(Stored dataset items)
-- -- --

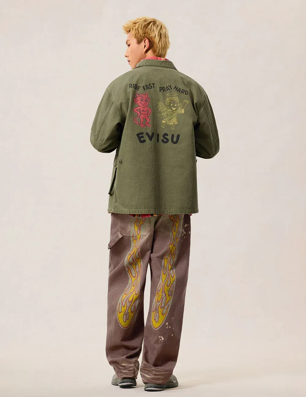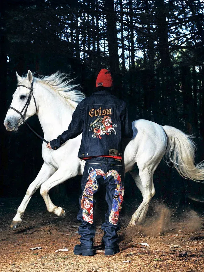 This #denim shirt #jacket showcases EVISU's exquisite #craftsmanship with its unique playful theme and rich #embroidery elements. The jacket is adorned with a variety of embroidered patterns, including the #Godhead, #Seagull, and #Kamon, reflecting the brand's classic features and cultural significance while enhancing visual appeal and creativity.
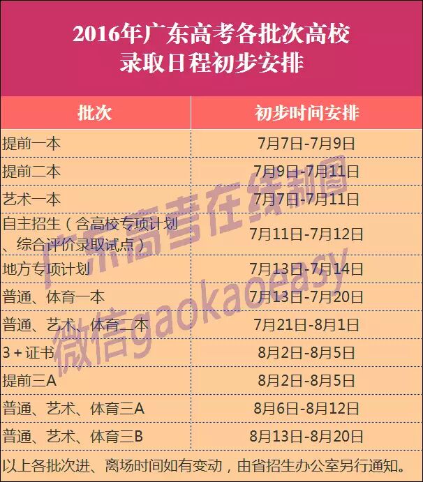 日前,广东省招委会公布了《关于做好广东省2016年普通高校招生工作的通知》。2016年广东高考时间安排不变,仍然为6月7日-8日,录取开始时间为7月7日。
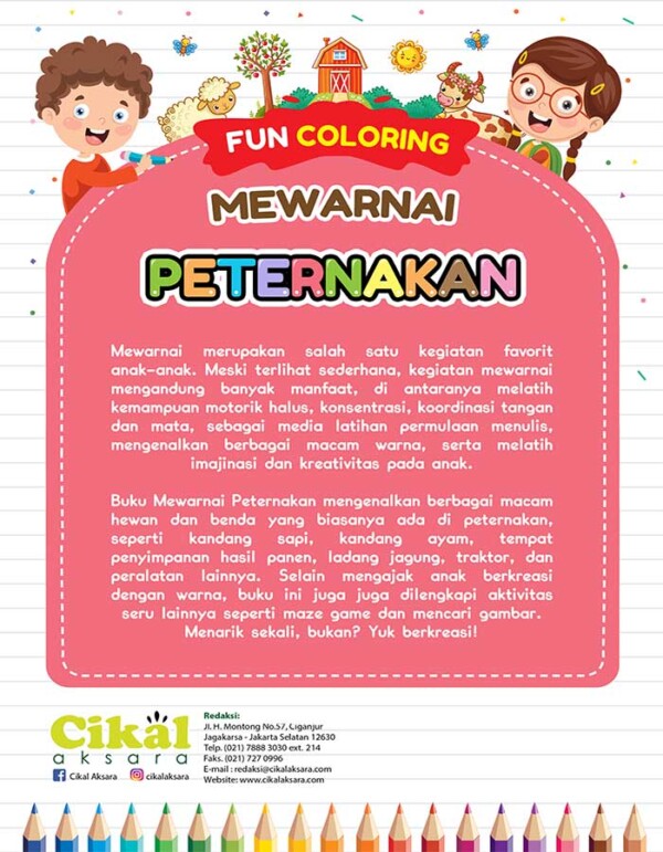 Buku Mewarnai Peternakan mengenalkan berbagai macam hewan dan benda yang biasanya ada di peternakan, seperti kandang sapi, kandang ayam, tempat penyimpanan hasil panen, ladang jagung, traktor, dan peralatan lainnya. Selain mengajak anak berkreasi dengan warna, buku ini juga juga dilengkapi aktivitas seru lainnya seperti maze game dan mencari gambar. Menarik sekali, bukan? Yuk berkreasi!
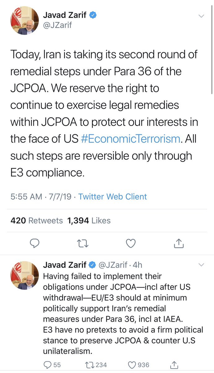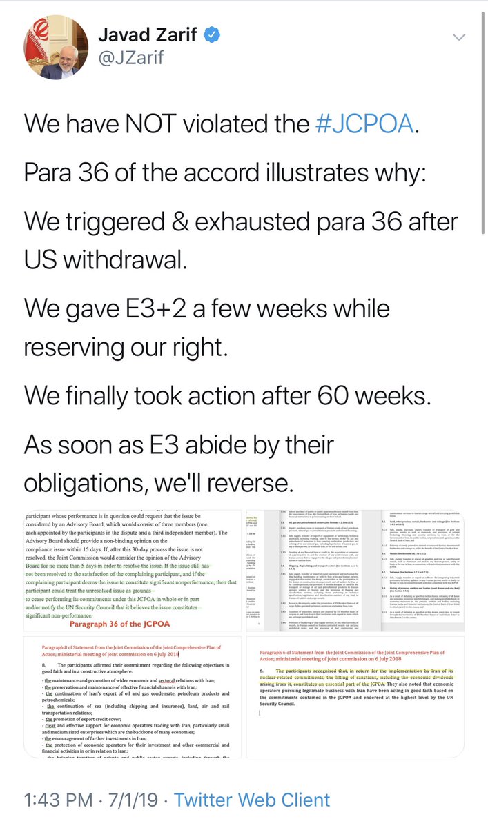 Mohammad Javad Zarif is unserious. He references “paragraph 36” as though it is the entirely of the JCPOA & it somehow licenses illegitimate Iranian enrichment activities. He’s also lying about Iran triggering and exhausting para 36. It never happened.
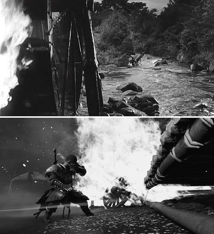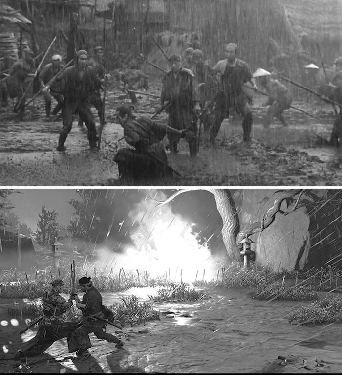 De hecho, existe un filtro llamado "modo Kurosawa" que modifica la imagen y el sonido del juego para asemejarlo al que tendría si fuera una película del realizador nipón. Jason Connell y Nate fox, directores del título, contaron en una entrevista con Entertainment Weekly que estudiaron aspectos de cintas clásicas como el contraste, el sonido, el granulado del celuloide y, lo más importante: tuvieron que pedir permiso a los herederos de Kurosawa para utilizar su nombre en el juego.
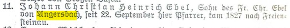 Ebel, Jahrgang 1769, war zuvor Oberpfarrer in Lauterbach und ging aus Gesundheitsgründen nach Angersbach. Er muss ein befähigter Mann gewesen sein, führte anstelle des erkrankten Inspektors Sartorius von Lauterbach einen Teil der Inspektoratsgeschäfte, in Schulvisitationen, die Pfarr- und Lehrereinführungen usw. durch. Schon 1822 wurde er 53-jährig wegen Kränklichkeit beurlaubt, aber wohl wegen seiner Verdienste nicht pensioniert. Man gab ihm Vikare als Gehilfen bei und zwar sechs an der Zahl.28 Ebel war bereits 1842 nach Lauterbach gezogen, wo er am 11. Dezember 1855 mit 86 Jahren starb.29 Der Angersbacher Christoph Möller teilt in seinem Schreibbuch im Jahr 1842 mit: „Den 5ten Juni nahm Herr Pfarrer Ebel seinen Abschied und zog nach Lauterbach, da hatte er drei Kinder. Lebt jetzt in dem Haus des Sohns, der Assessor ist.“30
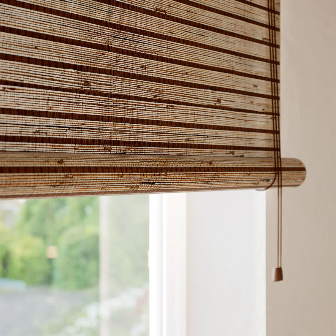 Rustic yet sophisticated roll-up blind crafted from bamboo and jute. Its striped pattern with intricate threadwork adds texture and warmth, fully custom-made for effortless light control and natural elegance in any room.
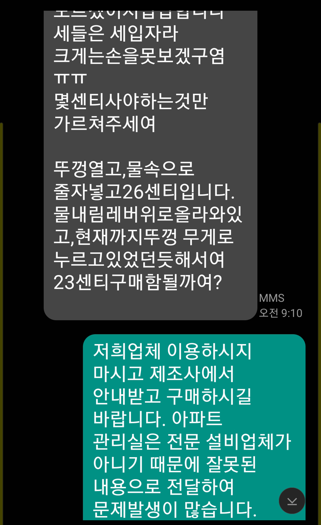 차라리 돈을 드릴테니 직접 구매해 교체해달라 말씀하세요. 이유는 바로 이런 부분 입니다. 사실 아파트 관리실 근무자들은 전문 설비업체 사람들이 아닙니다. 그러다보니 제대로 된 정보도 없이 그냥 눈으로만 보고 대충~ 알려줘 혼선을 일으킵니다. 그리고 나중에 문제가 되면 당연하다는 듯 본인들은 서비스 해주는 건데 정확히 모르지 않느냐 라면서 발뺌하고, 당연히 물품을 구매한 소비자는 제품 판매처에 말도안되는 소리 해가며 트집잡아 반품하려 안간힘 씁니다.(안그런 고객이 더 많이 있지만 일부 악질을 말하는 것)
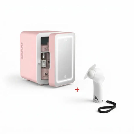 السعر العادي 55.000 KDUnit price /غير متاحسيا ثلاجة صغيرة سعة 4 لترات مع إضاءة LED - وردي + مروحة LED بنمط زهرة الفريزيا
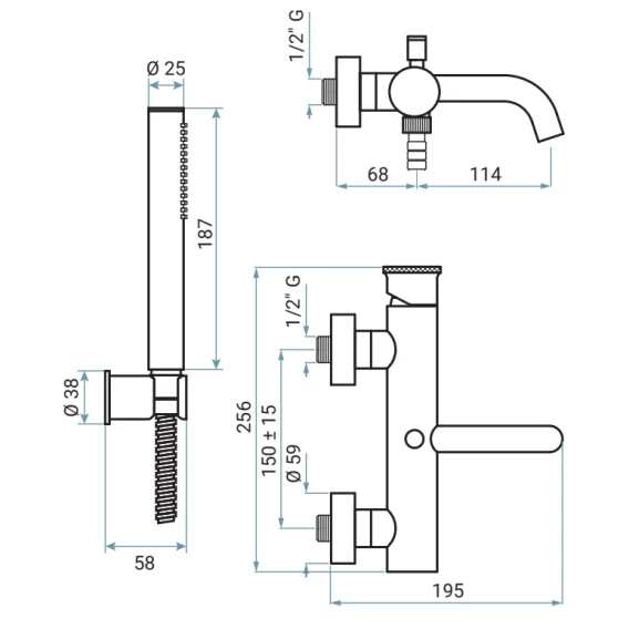 Аэратор, Металлическая розетка, Эксцентрики, Душевой шланг, Душевая лейка, Держатель для душевой лейки
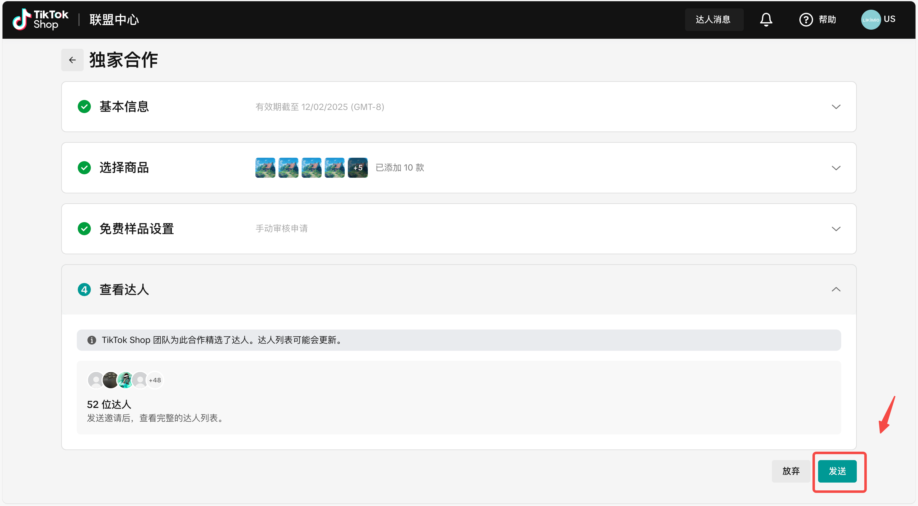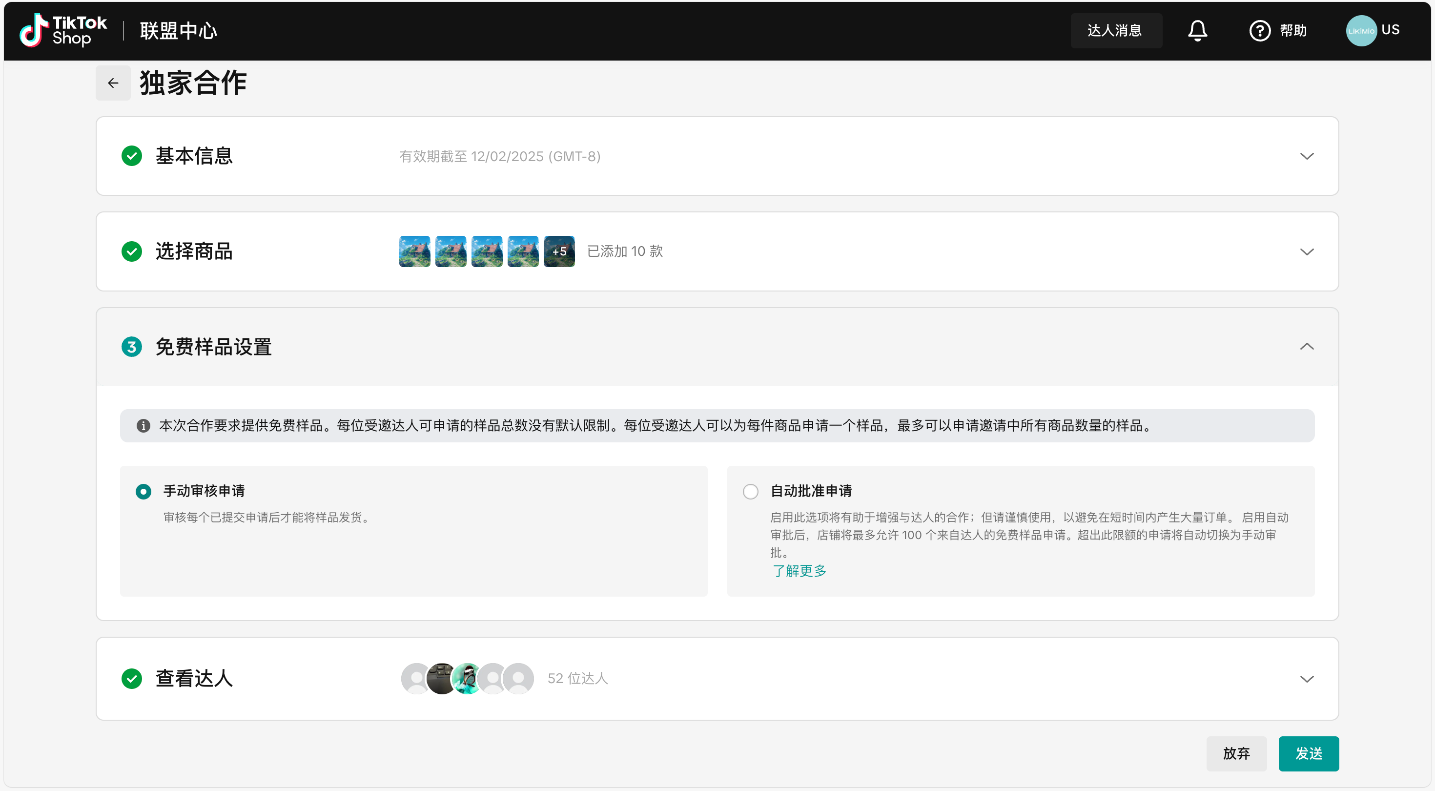 - 发送合作:完成商品选择与样品设置后,点击”发送”即可发布合作邀请
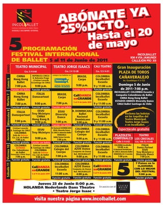 funciones gratuitas y pagadas en distintos lugares de la ciudad de cali en el marco del 5 festival internacional de ballet.
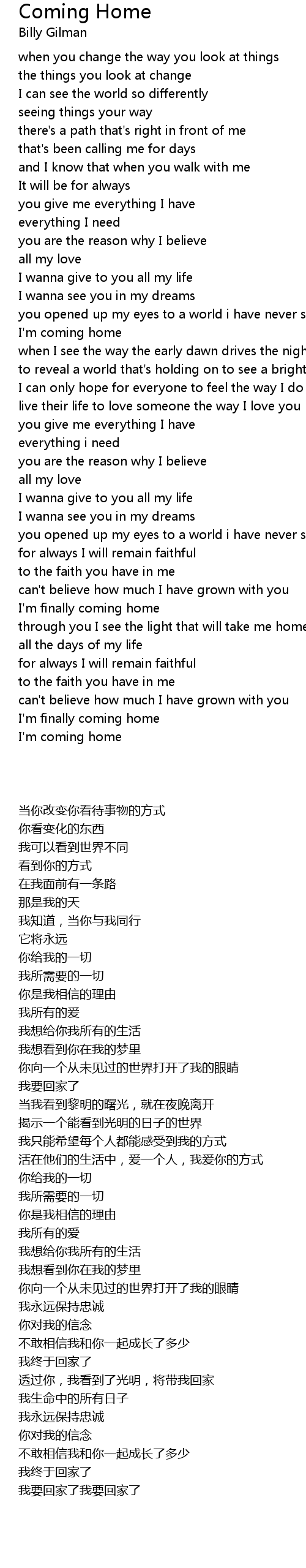 Coming Home Lyrics
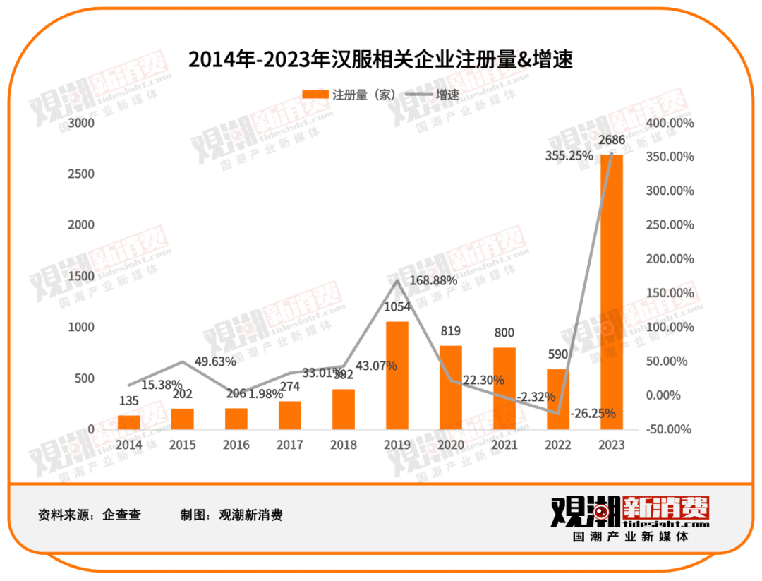 根据企查查数据,截至今年2月,我国现存汉服相关企业5853家。2023年,我国汉服相关企业注册量达2686家,同比增长355.25%,达近十年增速峰值。
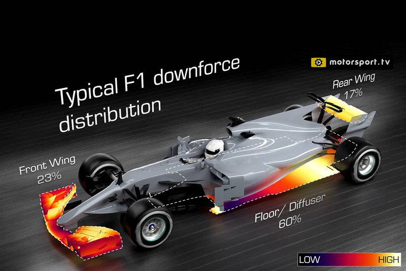 这些下压力中大约有 20-30% 由前翼产生,30-40% 由尾翼产生,50% 左右由车尾扩散器(底板)生成,车身的其他部分也可能提供一些下压力。简单来讲,前后翼的下压力来自于翼片翼型产生的气压差(就是飞机机翼倒置);车尾扩散器则形似一个喇叭,车底气流到达车尾时通道迅速扩大,使得气流加速抽离车底形成负压,从而对赛车产生向下的压力。
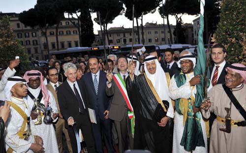 من جانبه قال معالي عمدة روما البروفيسور النيتسيو مارينو: إن روما تعيش يوماً خاصاً لأنها لحظة تاريخية ومحطة على مسار العلاقات الإيطالية - السعودية، عن علاقة تتنامى أكثر فأكثر، نحن سعيدون بتجديد الولاء والصداقة بمناسبة مرور 80 عاماً على بدء العلاقة الدبلوماسية بين البلدين.

-- -- --

Restate, word for word, the entries above, dropping any picture.

■ Written solution ■
 This #denim shirt #jacket showcases EVISU's exquisite #craftsmanship with its unique playful theme and rich #embroidery elements. The jacket is adorned with a variety of embroidered patterns, including the #Godhead, #Seagull, and #Kamon, reflecting the brand's classic features and cultural significance while enhancing visual appeal and creativity.
 日前,广东省招委会公布了《关于做好广东省2016年普通高校招生工作的通知》。2016年广东高考时间安排不变,仍然为6月7日-8日,录取开始时间为7月7日。
 Buku Mewarnai Peternakan mengenalkan berbagai macam hewan dan benda yang biasanya ada di peternakan, seperti kandang sapi, kandang ayam, tempat penyimpanan hasil panen, ladang jagung, traktor, dan peralatan lainnya. Selain mengajak anak berkreasi dengan warna, buku ini juga juga dilengkapi aktivitas seru lainnya seperti maze game dan mencari gambar. Menarik sekali, bukan? Yuk berkreasi!
 Mohammad Javad Zarif is unserious. He references “paragraph 36” as though it is the entirely of the JCPOA & it somehow licenses illegitimate Iranian enrichment activities. He’s also lying about Iran triggering and exhausting para 36. It never happened.
 De hecho, existe un filtro llamado "modo Kurosawa" que modifica la imagen y el sonido del juego para asemejarlo al que tendría si fuera una película del realizador nipón. Jason Connell y Nate fox, directores del título, contaron en una entrevista con Entertainment Weekly que estudiaron aspectos de cintas clásicas como el contraste, el sonido, el granulado del celuloide y, lo más importante: tuvieron que pedir permiso a los herederos de Kurosawa para utilizar su nombre en el juego.
 Ebel, Jahrgang 1769, war zuvor Oberpfarrer in Lauterbach und ging aus Gesundheitsgründen nach Angersbach. Er muss ein befähigter Mann gewesen sein, führte anstelle des erkrankten Inspektors Sartorius von Lauterbach einen Teil der Inspektoratsgeschäfte, in Schulvisitationen, die Pfarr- und Lehrereinführungen usw. durch. Schon 1822 wurde er 53-jährig wegen Kränklichkeit beurlaubt, aber wohl wegen seiner Verdienste nicht pensioniert. Man gab ihm Vikare als Gehilfen bei und zwar sechs an der Zahl.28 Ebel war bereits 1842 nach Lauterbach gezogen, wo er am 11. Dezember 1855 mit 86 Jahren starb.29 Der Angersbacher Christoph Möller teilt in seinem Schreibbuch im Jahr 1842 mit: „Den 5ten Juni nahm Herr Pfarrer Ebel seinen Abschied und zog nach Lauterbach, da hatte er drei Kinder. Lebt jetzt in dem Haus des Sohns, der Assessor ist.“30
 Rustic yet sophisticated roll-up blind crafted from bamboo and jute. Its striped pattern with intricate threadwork adds texture and warmth, fully custom-made for effortless light control and natural elegance in any room.
 차라리 돈을 드릴테니 직접 구매해 교체해달라 말씀하세요. 이유는 바로 이런 부분 입니다. 사실 아파트 관리실 근무자들은 전문 설비업체 사람들이 아닙니다. 그러다보니 제대로 된 정보도 없이 그냥 눈으로만 보고 대충~ 알려줘 혼선을 일으킵니다. 그리고 나중에 문제가 되면 당연하다는 듯 본인들은 서비스 해주는 건데 정확히 모르지 않느냐 라면서 발뺌하고, 당연히 물품을 구매한 소비자는 제품 판매처에 말도안되는 소리 해가며 트집잡아 반품하려 안간힘 씁니다.(안그런 고객이 더 많이 있지만 일부 악질을 말하는 것)
 السعر العادي 55.000 KDUnit price /غير متاحسيا ثلاجة صغيرة سعة 4 لترات مع إضاءة LED - وردي + مروحة LED بنمط زهرة الفريزيا
 Аэратор, Металлическая розетка, Эксцентрики, Душевой шланг, Душевая лейка, Держатель для душевой лейки
 - 发送合作:完成商品选择与样品设置后,点击”发送”即可发布合作邀请
 funciones gratuitas y pagadas en distintos lugares de la ciudad de cali en el marco del 5 festival internacional de ballet.
 Coming Home Lyrics
 根据企查查数据,截至今年2月,我国现存汉服相关企业5853家。2023年,我国汉服相关企业注册量达2686家,同比增长355.25%,达近十年增速峰值。
 这些下压力中大约有 20-30% 由前翼产生,30-40% 由尾翼产生,50% 左右由车尾扩散器(底板)生成,车身的其他部分也可能提供一些下压力。简单来讲,前后翼的下压力来自于翼片翼型产生的气压差(就是飞机机翼倒置);车尾扩散器则形似一个喇叭,车底气流到达车尾时通道迅速扩大,使得气流加速抽离车底形成负压,从而对赛车产生向下的压力。
 من جانبه قال معالي عمدة روما البروفيسور النيتسيو مارينو: إن روما تعيش يوماً خاصاً لأنها لحظة تاريخية ومحطة على مسار العلاقات الإيطالية - السعودية، عن علاقة تتنامى أكثر فأكثر، نحن سعيدون بتجديد الولاء والصداقة بمناسبة مرور 80 عاماً على بدء العلاقة الدبلوماسية بين البلدين.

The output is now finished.